Myosin | apo | ADP | ADP.BeFx | ADP.AlF4 | ADP.V |
---|---|---|---|---|---|
muscle | 1, 0, 0 | 0, 1, 0 | 0, 0.84, 0.16 | 0, 0.15, 0.85 | 0, 0.15, 0.85 |
Dicty | 1, 0, 0 | 0, 1, 0 | 0, 0.66, 0.34 | 0, 0.72, 0.28 | 0, 0.63, 0.37 |
Values are mole fractions (x, x*, x**) of structural states (M, M*, M**). Uncertainties are 0.02–0.04.

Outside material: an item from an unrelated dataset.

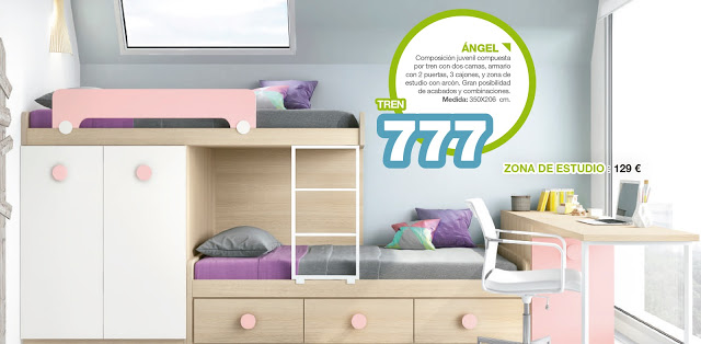 Composición juvenil compuesta por tren con dos camas, armario con 2 puertas, 3 cajones y zona de estudio con arcón. Gran posibilidad de acabados y combinaciones.

These results indicate that when myosin is trapped by ADP and a phosphate analog in a single biochemical state, there remain significant populations of both M* and M** structural states in equilibrium. Thus there is clearly not a one-to-one correspondence between myosin's biochemical and structural states. This is much more clear for Dicty, in which the minor component makes up ≈1/3 of the population in these states, than for muscle, in which the minor component is ≈1/6 (Table 3). We conclude that the coupling between biochemical and structural states (as revealed by the coupling between the nucleotide-binding site and the force-generating region) is different for the two myosins. This difference in coupling is presumably related to the observed differences in ATPase kinetics between muscle and nonmuscle myosins (21, 26–28).
Temperature Dependence and Thermodynamic Analysis.
To test the hypothesis that the resolved spectral components observed in EPR experiments represent an equilibrium between structural states, we studied the effect of temperature on the distribution between the states (Fig. 4). It was demonstrated for muscle myosin (24) that an increase in temperature shifts the equilibrium from the prehydrolysis to the posthydrolysis biochemical state. Our EPR experiments revealed a similar temperature dependence on the distribution between structural states, without a change in the biochemical state—the mole fraction x** of the M** population increased with temperature at the expense of the M* population. Fig. 4 demonstrates this effect for S1ADP.BeFx; the effect was similar for S1.ADP.AlF4 (Fig. S2). Thus there is a temperature-dependent equilibrium between the M* and M** structural states within a single biochemical state.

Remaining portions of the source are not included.